The NEJM researchers studied 104 “patient advocacy” groups with revenues of at least $7.5 million. Prescription for Power takes that work to the next level, with information on 1,200 patient groups. KHN finds that nearly half (594) of them accepted drug company money. KHN further finds that some patient groups are purely shills for pharmaceutical companies, repeating their talking points in their communications without doing much else.

So, before supporting or taking advice from a group that appears to be a patient advocacy group, understand its ties to the medical industrial complex. Dr. Adriane Fuh-Berman, the head of PharmedOut,  a Georgetown University Medical Center program critical of the way pharmaceutical companies market drugs, warns that the advice you get from many patient groups could be misleading. For example, it could steer you to high-cost drugs when low-cost alternatives might be better.

To be sure, the patient advocacy groups taking money from pharmaceutical companies represented to Kaiser Health News that they shaped their organizations’ priorities independently of the companies funding their organizations.

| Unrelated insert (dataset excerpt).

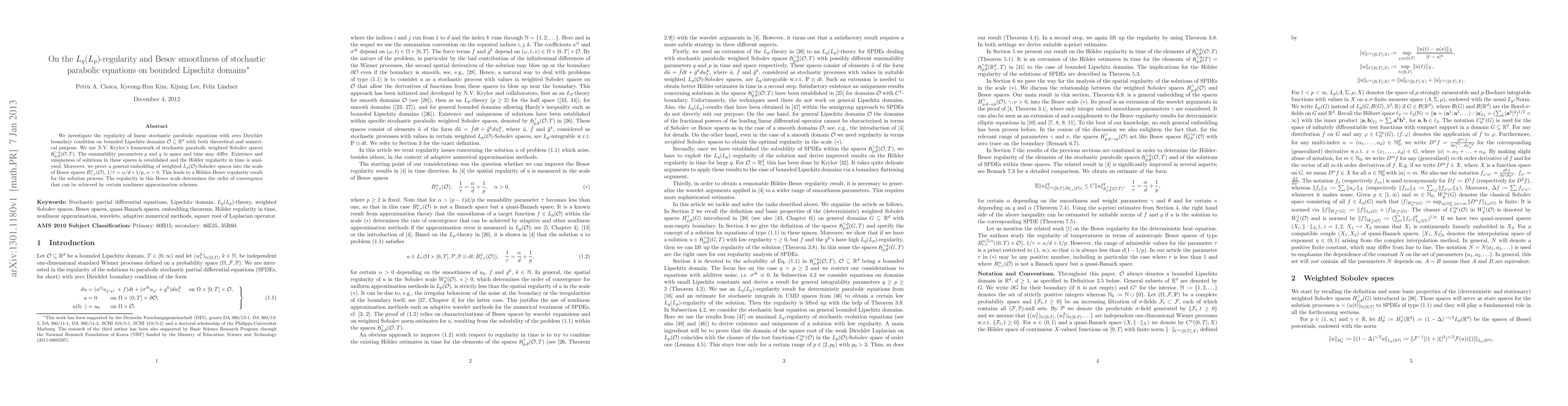 This paper explores the regularity of linear stochastic parabolic equations on bounded Lipschitz domains, establishing existence and uniqueness in weighted Sobolev spaces. It also proves an embedding of these spaces into Besov spaces, leading to H\"older-Besov regularity results that inform the convergence rates of nonlinear approximation schemes.

And the drug companies represented same. We all know, however, that money talks. Notably, the patient groups and the drug companies appear to share similar goals, goals that are very different from those of Patients for Affordable Drugs, a patient  advocacy group that takes no money from Pharma.

In addition to “patient advocacy” groups, drug company money flows to scores of entities that can benefit pharmaceutical companies, including, doctors, researchers, thought leaders, academics, media outlets, and policymakers.